# how to slow down a wiper motor?



## gooffy87

Hello all,

Can anyone explain how to slow a wiper motor down? I am making a ground breaker and the wiper is moving to fast, even on the slow setting. I am running it off of a 12v 6 A power supply. any thoughts? thanks!


----------



## halstaff

First option is to drop the power supply to a 5V, 5amp unit. Next, make sure you're running it on slow speed. Here's an example using a Monster Guts wiper motor - http://monsterguts.com/index.php?act=viewProd&productId=4
Another option is to use a Pulse Width Modulator like this one - http://store.qkits.com/moreinfo.cfm/MX033


----------



## Lunatic

A computer power supply gives you an option of 3.3, 5 & 12 volts. Also the motor itself should have a slow and fast terminal to choose from. Those are the options I typically go with.

Here's some good info from Scarey Terry. http://www.scary-terry.com/atxps/atxps.htm


----------



## corey872

Under a light load the voltage change will probably work. Though if it's moving a heavy load or needs to start/stop slowly and under load, the PWM is the best bet.

As the motor turns slower, the amperage draw goes up, so it may tend to overheat if there is too much load. Also, simply lowering the voltage reduces torque - especially at start up. A PWM will maintain nearly full torque across a 5-95% speed range.


----------



## Lunatic

corey872 said:


> Under a light load the voltage change will probably work. Though if it's moving a heavy load or needs to start/stop slowly and under load, the PWM is the best bet.
> 
> As the motor turns slower, the amperage draw goes up, so it may tend to overheat if there is too much load. Also, simply lowering the voltage reduces torque - especially at start up. A PWM will maintain nearly full torque across a 5-95% speed range.

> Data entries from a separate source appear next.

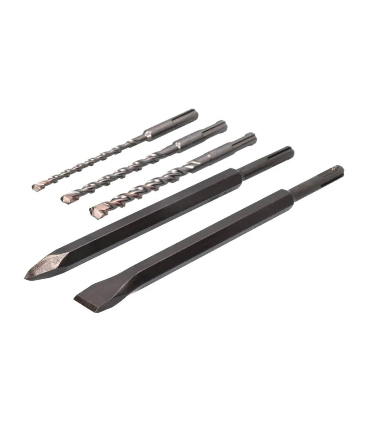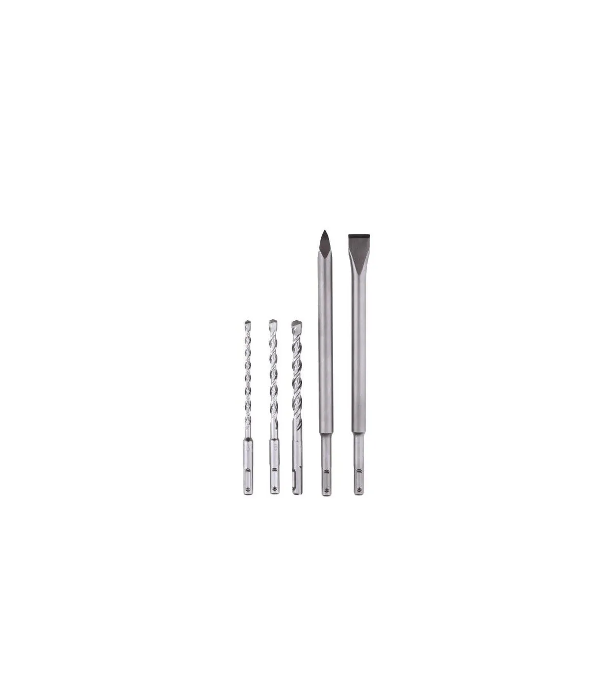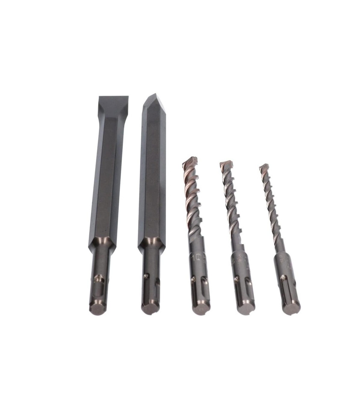 Compuesto de respectivamente 1 broca para martillo ø 6x160 mm, 8x160 mm, 10x160 mm, 1 cincel puntiagudo 250 mm y 1 cincel plano 250x 20 mm.
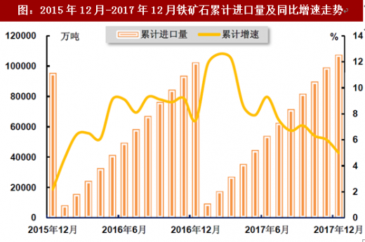 铁矿石进口增速放缓,但进口量再创新高。受制于国内矿山资源禀赋相对较差,我国铁矿石对外依存度长期处于较高水平,进口量不断突破新高,2016年首次突破10亿吨。2017年以来,国内环保压力持续加大,钢厂对高品位矿石的需求不减。4季度,我国铁矿石进口规模依然维持较高水平,累计进口量再次突破10亿吨,并创出历史新高。海关总署数据显示,2017年1-12月,我国铁矿砂及其精矿进口107,474.0万吨,同比增长5.0%,增速较2017年1-9月和上年同期分别回落2.1个和2.5个百分点。
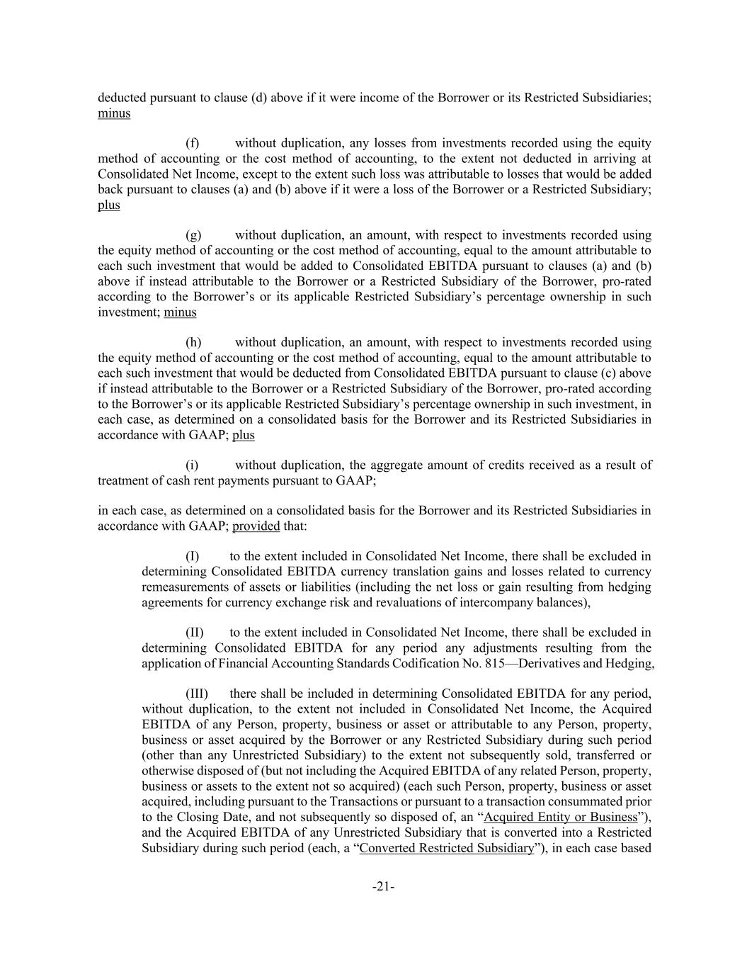 -21- deducted pursuant to clause (d) above if it were income of the Borrower or its Restricted Subsidiaries; minus (f) without duplication, any losses from investments recorded using the equity method of accounting or the cost method of accounting, to the extent not deducted in arriving at Consolidated Net Income, except to the extent such loss was attributable to losses that would be added back pursuant to clauses (a) and (b) above if it were a loss of the Borrower or a Restricted Subsidiary; plus (g) without duplication, an amount, with respect to investments recorded using the equity method of accounting or the cost method of accounting, equal to the amount attributable to each such investment that would be added to Consolidated EBITDA pursuant to clauses (a) and (b) above if instead attributable to the Borrower or a Restricted Subsidiary of the Borrower, pro-rated according to the Borrower’s or its applicable Restricted Subsidiary’s percentage ownership in such investment; minus (h) without duplication, an amount, with respect to investments recorded using the equity method of accounting or the cost method of accounting, equal to the amount attributable to each such investment that would be deducted from Consolidated EBITDA pursuant to clause (c) above if instead attributable to the Borrower or a Restricted Subsidiary of the Borrower, pro-rated according to the Borrower’s or its applicable Restricted Subsidiary’s percentage ownership in such investment, in each case, as determined on a consolidated basis for the Borrower and its Restricted Subsidiaries in accordance with GAAP; plus (i) without duplication, the aggregate amount of credits received as a result of treatment of cash rent payments pursuant to GAAP; in each case, as determined on a consolidated basis for the Borrower and its Restricted Subsidiaries in accordance with GAAP; provided that: (I) to the extent included in Consolidated Net Income, there shall be excluded in determining Consolidated EBITDA currency translation gains and losses related to currency remeasurements of assets or liabilities (including the net loss or gain resulting from hedging agreements for currency exchange risk and revaluations of intercompany balances), (II) to the extent included in Consolidated Net Income, there shall be excluded in determining Consolidated EBITDA for any period any adjustments resulting from the application of Financial Accounting Standards Codification No. 815—Derivatives and Hedging, (III) there shall be included in determining Consolidated EBITDA for any period, without duplication, to the extent not included in Consolidated Net Income, the Acquired EBITDA of any Person, property, business or asset or attributable to any Person, property, business or asset acquired by the Borrower or any Restricted Subsidiary during such period (other than any Unrestricted Subsidiary) to the extent not subsequently sold, transferred or otherwise disposed of (but not including the Acquired EBITDA of any related Person, property, business or assets to the extent not so acquired) (each such Person, property, business or asset acquired, including pursuant to the Transactions or pursuant to a transaction consummated prior to the Closing Date, and not subsequently so disposed of, an “Acquired Entity or Business”), and the Acquired EBITDA of any Unrestricted Subsidiary that is converted into a Restricted Subsidiary during such period (each, a “Converted Restricted Subsidiary”), in each case based
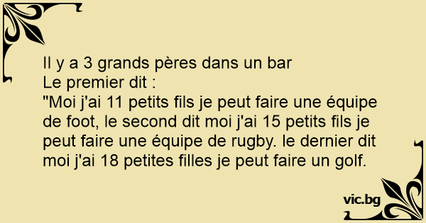 "Moi j'ai 11 petits fils je peut faire une équipe de foot, le second dit moi j'ai 15 petits fils je peut faire une équipe de rugby. le dernier dit moi j'ai 18 petites filles je peut faire un golf.
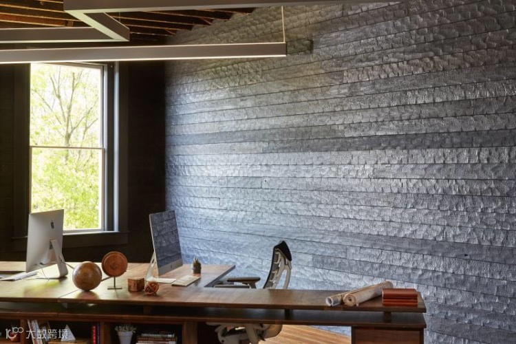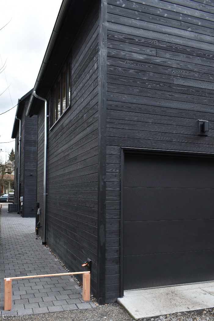 户外使用:产品表面用一种柔性硬化油成分的穿透性油,将松散的烟灰粘附在表面,并保持自然的发泡。干燥后,极小的煤烟被擦除,但表面仍然柔软,这种墙板的寿命最长,但不建议在高流量环境下使用。
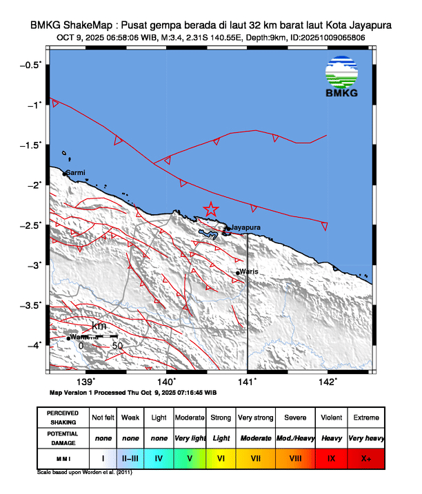 Gempa Hari Ini 09/10/2025 bermagnitudo 3.4 di Jayapura
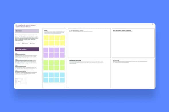 The objective of this Miro template is to identify potential pitfalls in the next project cycle, establish a clear, actionable plan for the most likely ones, and help teams proactively reduce risk.
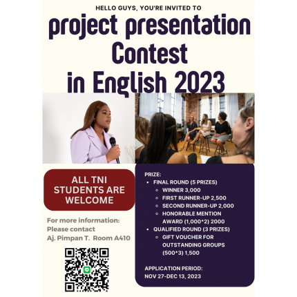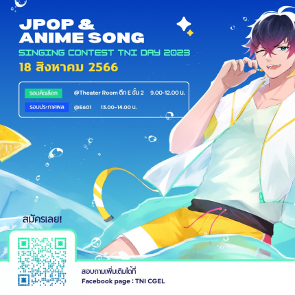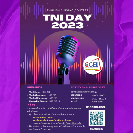 กลับมาแล้ววว กับการประกวด English SInging Contest ในงาน TNI Day 2023 ประกวดในวันศุกร์ที่ 18 สิงหาคม 66 :: สำหรับนักศึกษา TNI ที่สนใจเข้าร่วมประกวด :: สมัครได้ที่ bit.ly/46VSahL ภายในวันที่ 17 สิงหาคม 66 รับสมัครจำนวนจำกัด ! :: สำหรับนักศึกษา TNI ผู้ลงทะเบียนเรียนวิชา ENL-111 / ENL-211 และมาเข้าร่วมรับชมการประกวด :: อย่าลืม ! สแกน QR Code หน้างานกิจกรรม ถ่ายรูปหลักฐานว่าเข้าร่วมงาน และส่งรูปให้อาจารย์ผู้สอน จะได้รับคะแนนพิเศษ 2 คะแนน ! สอบถามเพิ่มเติมได้ที่ ผศ.อมราวดี ทัพพุน และ อ.กีรติ ทองซ้อนกลีบ ที่ห้อง A405
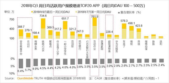 2.5 周日均DAU 100-500万TOP增速榜: 9月开学季让学生党回归校园,以安全教育平台为首的多个教育类App增幅明显;金融服务App竞争进一步加剧
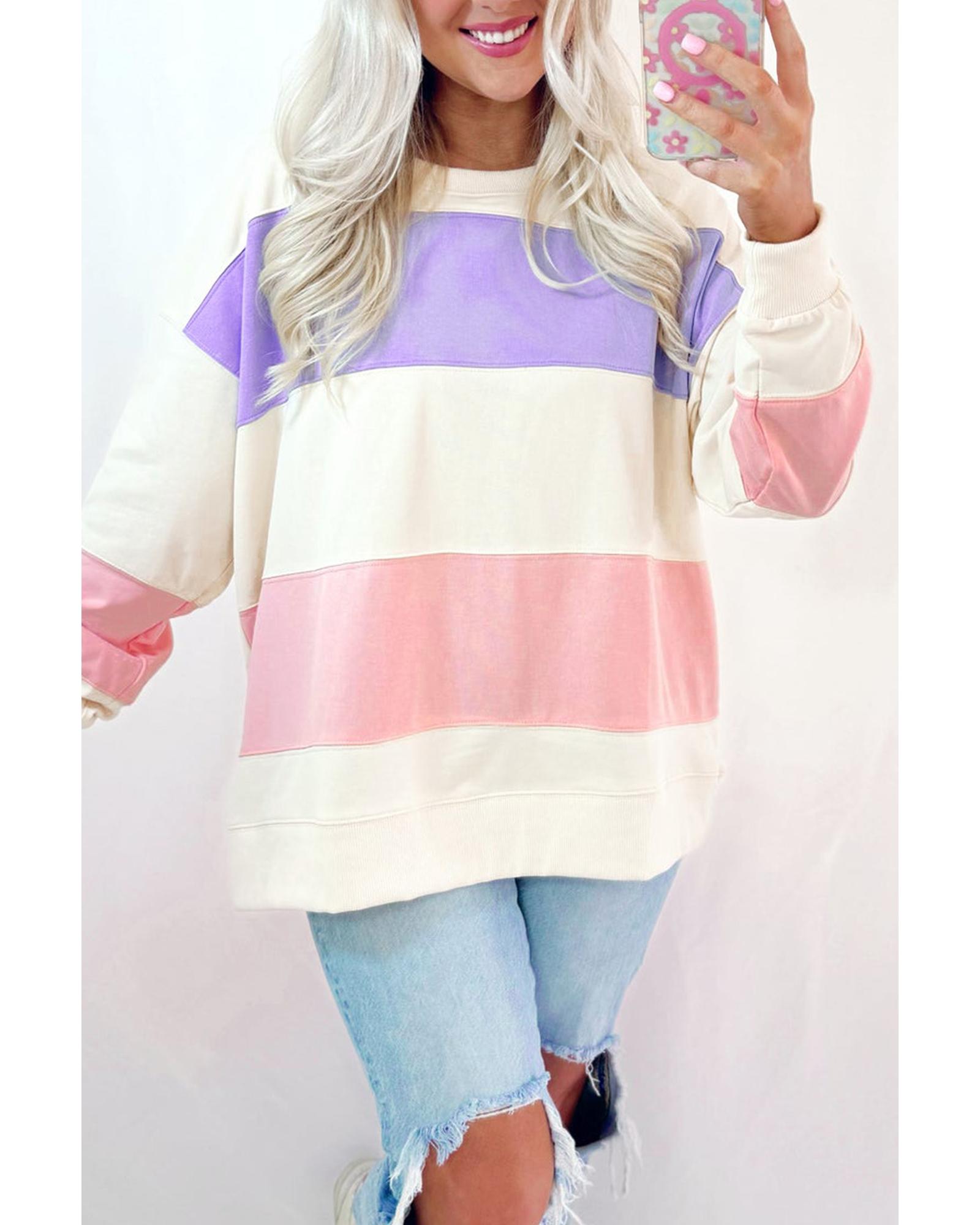 This beige colorblock patchwork sweatshirt features a relaxed drop shoulder design, offering a casual and trendy look. Made from soft and cozy fabric, it provides all-day comfort and is suitable for various casual occasions. The high elasticity ensures a comfortable fit, making it a versatile addition to your wardrobe.
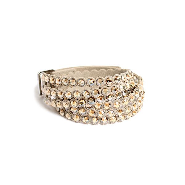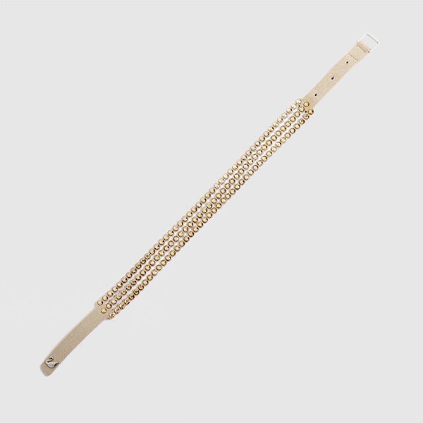 やわらかなアルカンターラ(人工皮革)にきらめくゴールドのクリスタルをあしらい、スワン形のボタンが特徴の調節可能なクロージャーを施したマストハブなデザインです。単独のブレスレットやチョーカーとして身につけたり、お手持ちのPower コレクションのブレスレットと重ねづけして自分だけのアームパーティーを楽しむこともできます。
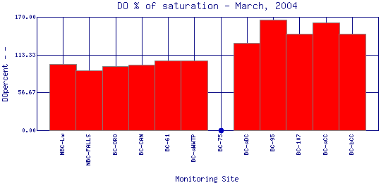 Longitudinal DO Percent of Saturation Profiles for March, 2004
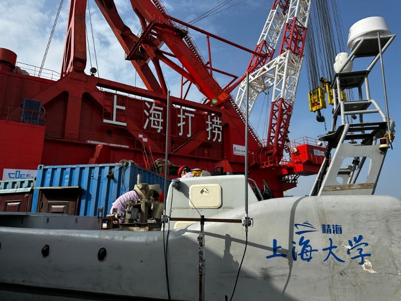 11月20日,上海大學(xué)“精?!睙o人艇參與長江口二號古船現(xiàn)場打撈作業(yè)。(受訪者供圖)
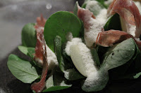 Spherical olives - a little something from the months Uwe spent in the kitchen of elBulli. While the olive flavors were pretty full-on, I found that "skin" to be a little too think for my liking.
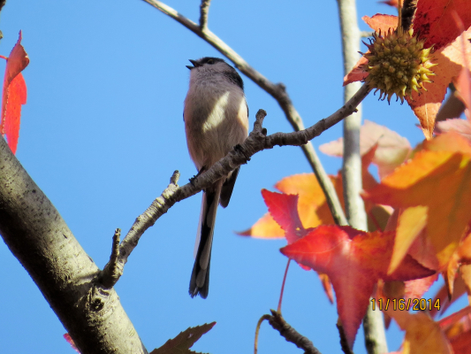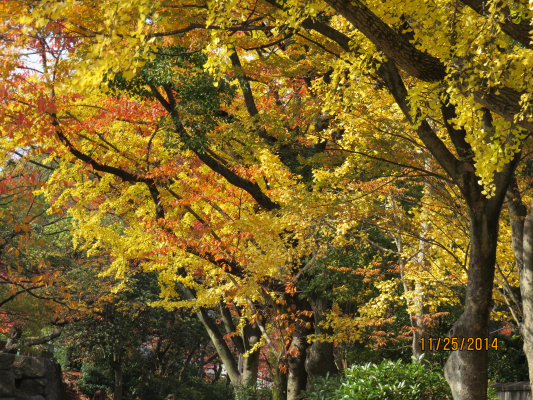 そろそろ紅葉がきれいですねえ。紅葉をバックにいい写真が撮れないかな、とがんばってみたけどいまいち。。

I've had the same experience with lower amperage power supplies, but that is why I use a computer power supply...My understanding is that it has plenty of amperage at all voltage selections which maintains the motor torque. At least that is what I've experienced with all my props that use a wiper motor.


----------



## gooffy87

Thx for the input all! I went down to the local swap meet and picked up 2 12v 3A power supplies. Hopefully this will solve my problem .to be exact, One is 2.9A, the other is 3.4. Wish me luck!


----------



## gooffy87

I dont think my mechanism is too heavy, its mostly pvc and probably weighs 1.5 pound at most. Also. I ordered a few wipers from monster guts so im sure they will be reliable


----------



## gooffy87

So the 3.4 worked well, the 2.9 could not power the motor :-(


----------



## Screaming Demons

What about when you put the expected load on it? Will it still turn at 3.4? I don't that this will work well, because you went to lower amperage rather than lower voltage. You should usually (within reason) try to get power supplies with the most amps possible. You really can't have too many amps, while having too many volts can damage or destroy a motor. The voltage is really what determines RPM.


----------



## gooffy87

interesting, what voltage would you suggest? I have generally seen 12v 5A power supplies suggested but those always make the wiper run too fast for my use. I want it to run slow, just imagine something that would life a mechanism that weighs about 1 pound up and down slowly. thanks for the input


----------



## gooffy87

looking around on frightprops, they sell 5V 5A power supplies and that looks like what I want, looks like i know what im gonna be ordering. thanks again! I was wondering why changing the Amps alone wasnt really making much of a difference. thanks!


----------



## Screaming Demons

The motor is probably struggling to run at 3.4 amps. That's why it slowed down. It may work but if you experience the least bit of binding in the moving parts it will stall. The 5 volt, 5 amp is the power supply that everyone commonly uses. It is better to buy from one of the reputable suppliers (like Fright Props) because I have heard that some of the cheap ones on ebay don't work very well. Just about everything is made in China these days but Fright Props will stand behind what they sell.


----------



## gooffy87

Thank you sooo much for the input. I can stop wasting money guessing lol


----------



## diamonddave_k

I would recommend a speed controller like calman did. I ran a wiper motor with considerable weight for a Christmas prop which I had to slow down and I tried a voltage drop but it's too hard to get the speed just right. The speed controller is cheap, easy to use and worked really well in my case. I would keep your 12V 5A power supply and get a speed controller instead of dropping voltage/amperage.


----------



## greenjeep79

I like the PWM motor controller found on ebay, they are the same ones on Monsterguts site but much cheaper, I have have good luck with them. and the speed can be set with a turn of a dial. https://www.ebay.com/itm/12V-40V-10...or+control&_from=R40&rt=nc&_trksid=m570.l1313


----------